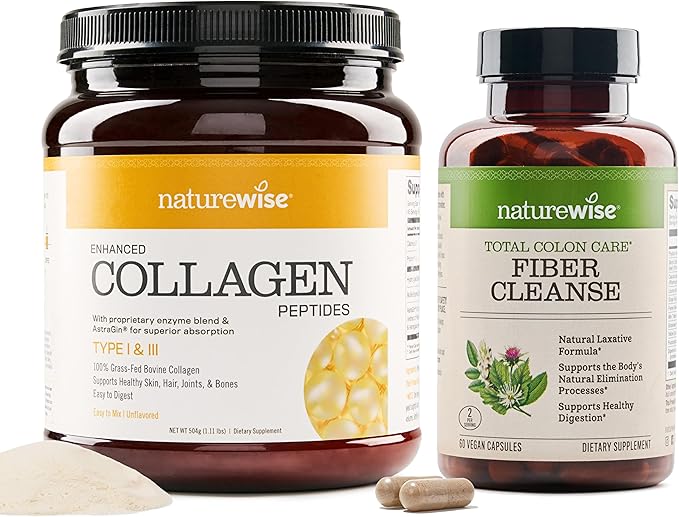 NatureWise Enhanced Collagen Peptides (45 Servings) - Hydrolyzed Type I & III + NatureWise Total Colon Care Fiber Cleanse with Herbal Laxatives, Prebiotics, & Digestive Enzymes
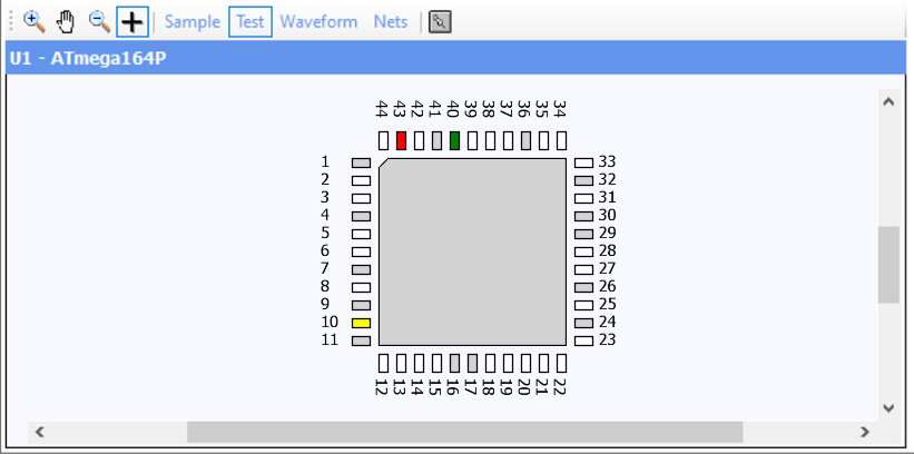 The Graphical Pin Display in the Device Window provides a quick and easy method for viewing information about all pins of a selected device in the JTAG scan chain.
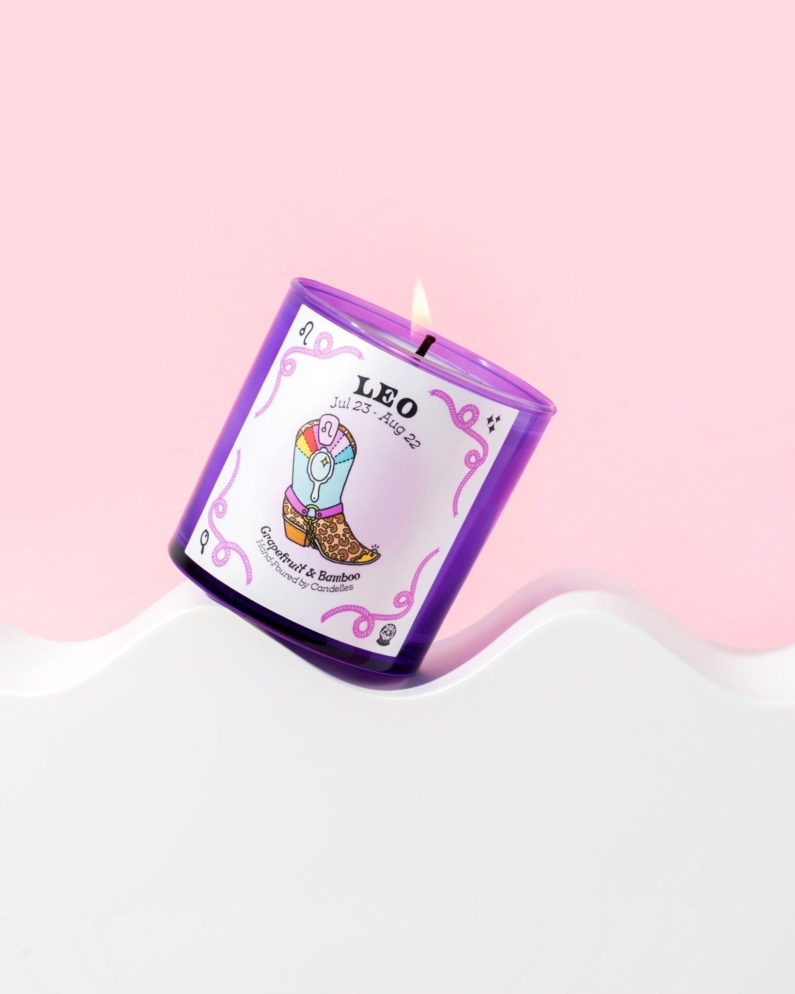 Grapefruit & Bamboo Soy Candle - Leo - Bring out your inner Leo when you light up our Grapefruit & Bamboo candle. It'll bring out your most exuberant, powerful self. Tap into your intuitive, sensitive soul with this unique combination of fruity and earthy notes, and let the flame fuel your ambition and blaze your trail!This candle was curated by Candell
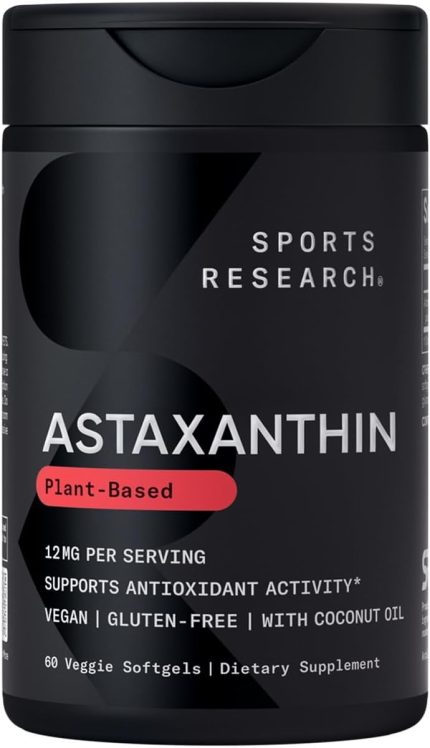 Sports Research Triple Strength Astaxanthin 12mg with Organic Coconut Oil – Antioxidant Supplement, Non-GMO Verified & Gluten Free – 60 Softgels
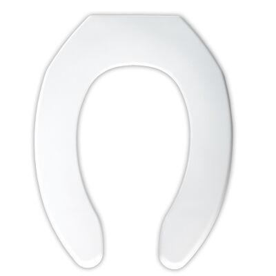Description: Mainline white elongated plastic, open-front toilet seat, commercial style, self-sustaining check hinge and stainless hardware included. Box damaged. No lid.
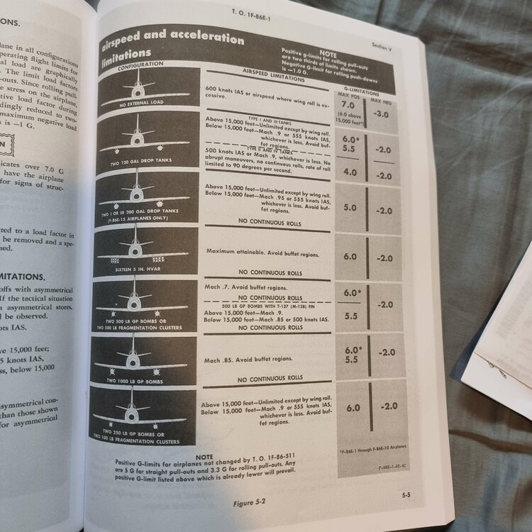 If I'm reading the charts correctly and looking at the current weight of the F-86 in game the "basic weight" (as per the above definition which is full ammo, [no pilot assuming 230lb pilot as per Pilot manual referenced above in T.O.F-86F-1] is 11585lbs) is still set too low somehow at 11669lbs (assuming pilot weight removed this rounds down to 11,439lbs) which is still 149lbs under weight. "Basic weight" conditions in mission editor vs Gross weight conditions as per mission editor As a side note, the max internal fuel appears to be off by 16lbs according to the "Standard Aircraft Characteristics" chart for an F-86F-25 through F-40 "air superiority mission" typical mission graph and thankfully only 1lb off according to the T.O.F-86F-1 pilot manual. Here's hoping that the weight issue is sorted out soon On a side note, given that this post from May 2022 states the guns are modelled at only half their weight in the code and the only updates the Sabre has received in the last 2 years have been to the controls effectiveness/IR signature/clickable switches and campaign missions, I wonder how it would affect the overall weight taking that into account?- 16 replies
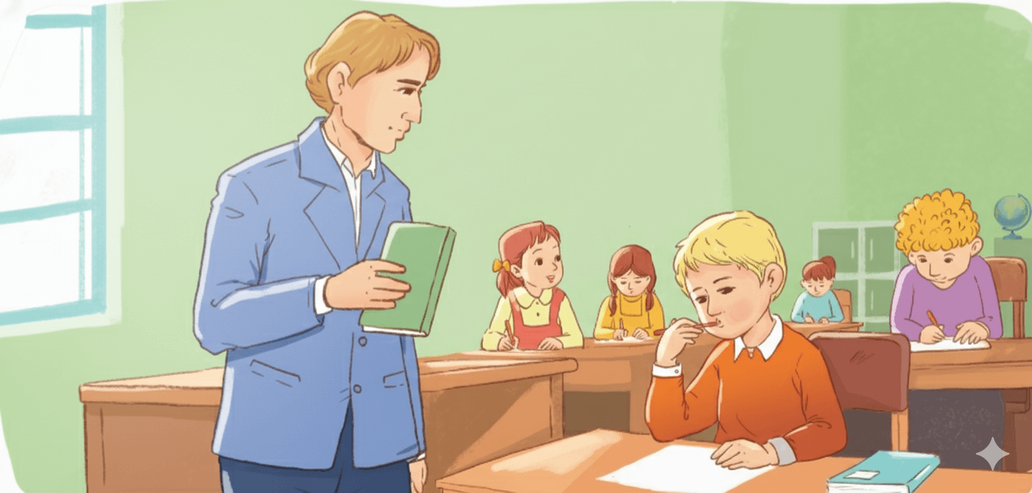 Một lần, vào giờ kiểm tra Toán cuối năm, trong khi các bạn khác mải miết làm bài thì không hiểu sao Huy-gô lại ngồi cắn bút từ đầu giờ. Thầy giáo cũng sốt ruột thay cho học trò của mình. Chỉ còn hai mươi phút nữa là phải nộp bài. Các bạn xung quanh đã có người làm xong, thế mà Huy-gô vẫn ngồi cắn bút, hai tai đỏ nhừ. Thầy giáo lại giơ đồng hồ ra xem và nhìn Huy-gô. Còn mười lăm phút nữa. Lúc này, Huy-gô bắt đầu đặt bút viết. Thầy giáo thở phào. Nhưng liệu có kịp không nhỉ? Ông lo lắng thay cho Huy-gô.
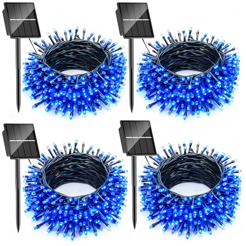 SOLARBABY Solar String Lights Outdoor, 4x10M 100LED Solar Christmas Fairy Lights, 8 Modes Waterproof Outdoor Christmas Lights for Garden Patio Party Wedding, Blue

— ABOUT THIS EXERCISE —
The answer must repeat every record exactly, with all pictures left out.

— EXERCISE ANSWER —
 NatureWise Enhanced Collagen Peptides (45 Servings) - Hydrolyzed Type I & III + NatureWise Total Colon Care Fiber Cleanse with Herbal Laxatives, Prebiotics, & Digestive Enzymes
 The Graphical Pin Display in the Device Window provides a quick and easy method for viewing information about all pins of a selected device in the JTAG scan chain.
 Grapefruit & Bamboo Soy Candle - Leo - Bring out your inner Leo when you light up our Grapefruit & Bamboo candle. It'll bring out your most exuberant, powerful self. Tap into your intuitive, sensitive soul with this unique combination of fruity and earthy notes, and let the flame fuel your ambition and blaze your trail!This candle was curated by Candell
 Sports Research Triple Strength Astaxanthin 12mg with Organic Coconut Oil – Antioxidant Supplement, Non-GMO Verified & Gluten Free – 60 Softgels
Description: Mainline white elongated plastic, open-front toilet seat, commercial style, self-sustaining check hinge and stainless hardware included. Box damaged. No lid.
 If I'm reading the charts correctly and looking at the current weight of the F-86 in game the "basic weight" (as per the above definition which is full ammo, [no pilot assuming 230lb pilot as per Pilot manual referenced above in T.O.F-86F-1] is 11585lbs) is still set too low somehow at 11669lbs (assuming pilot weight removed this rounds down to 11,439lbs) which is still 149lbs under weight. "Basic weight" conditions in mission editor vs Gross weight conditions as per mission editor As a side note, the max internal fuel appears to be off by 16lbs according to the "Standard Aircraft Characteristics" chart for an F-86F-25 through F-40 "air superiority mission" typical mission graph and thankfully only 1lb off according to the T.O.F-86F-1 pilot manual. Here's hoping that the weight issue is sorted out soon On a side note, given that this post from May 2022 states the guns are modelled at only half their weight in the code and the only updates the Sabre has received in the last 2 years have been to the controls effectiveness/IR signature/clickable switches and campaign missions, I wonder how it would affect the overall weight taking that into account?- 16 replies
 Một lần, vào giờ kiểm tra Toán cuối năm, trong khi các bạn khác mải miết làm bài thì không hiểu sao Huy-gô lại ngồi cắn bút từ đầu giờ. Thầy giáo cũng sốt ruột thay cho học trò của mình. Chỉ còn hai mươi phút nữa là phải nộp bài. Các bạn xung quanh đã có người làm xong, thế mà Huy-gô vẫn ngồi cắn bút, hai tai đỏ nhừ. Thầy giáo lại giơ đồng hồ ra xem và nhìn Huy-gô. Còn mười lăm phút nữa. Lúc này, Huy-gô bắt đầu đặt bút viết. Thầy giáo thở phào. Nhưng liệu có kịp không nhỉ? Ông lo lắng thay cho Huy-gô.
 SOLARBABY Solar String Lights Outdoor, 4x10M 100LED Solar Christmas Fairy Lights, 8 Modes Waterproof Outdoor Christmas Lights for Garden Patio Party Wedding, Blue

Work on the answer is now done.